Exercise objective >>
Nothing but the lines from the one containing "Front view of" through the end of the data below should appear in the answer, each exact and free of pictures.

===== Recorded information

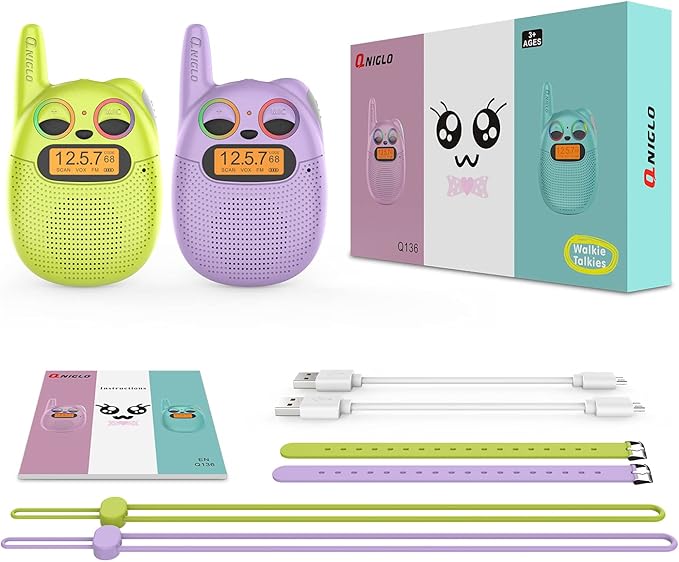 - 𝗣𝗲𝗿𝗳𝗲𝗰𝘁 𝗚𝗶𝗳𝘁𝘀 𝗳𝗼𝗿 𝗞𝗶𝗱𝘀: Qniglo walkie talkies for kids rechargeable come in adorable colors and are well packaged in a stylish gift box, look attractive to kids. Excellent color box design makes it a wonderful birthday gift, Easter gifts, Valentine's gifts, Children's Day gifts, and Christmas gifts for 3 4 5 6 7 8 9 10 11 12-year-old girls, boys, or family group outdoor games like hiking, camping, traveling.
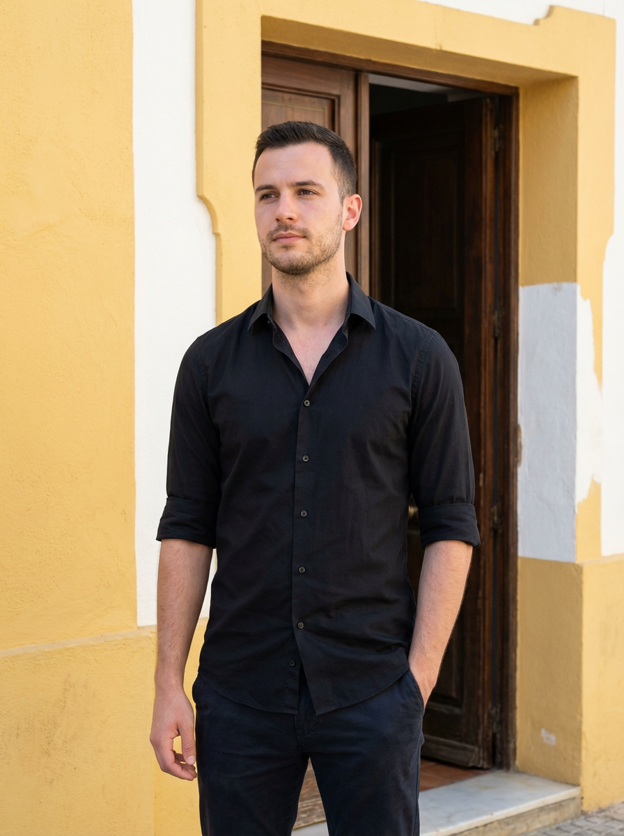Front view of a model standing outdoors, looking slightly to the left. wearing a black, long-sleeve button-up shirt with the top button undone and the sleeves casually rolled up to the elbows. the left hand is in a pants pocket. in the background, an open wooden door and a yellow and white building facade are visible.
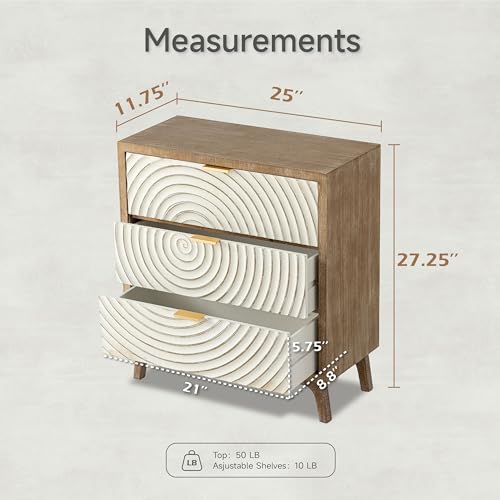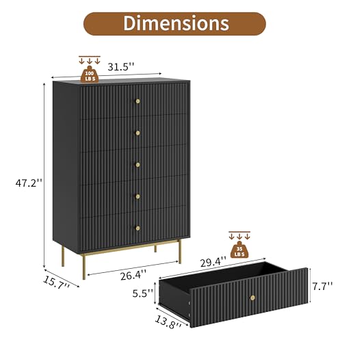 Click for More Images Modern Design: The fluted drawers of this wooden dresser are a minimalist masterpiece, enhanced by a smooth finish and elegant gold handles. It effortlessly adds a touch of sophistication to any room.Large Capacity: This...

==========

Answer space >>
Front view of a model standing outdoors, looking slightly to the left. wearing a black, long-sleeve button-up shirt with the top button undone and the sleeves casually rolled up to the elbows. the left hand is in a pants pocket. in the background, an open wooden door and a yellow and white building facade are visible.
 Click for More Images Modern Design: The fluted drawers of this wooden dresser are a minimalist masterpiece, enhanced by a smooth finish and elegant gold handles. It effortlessly adds a touch of sophistication to any room.Large Capacity: This...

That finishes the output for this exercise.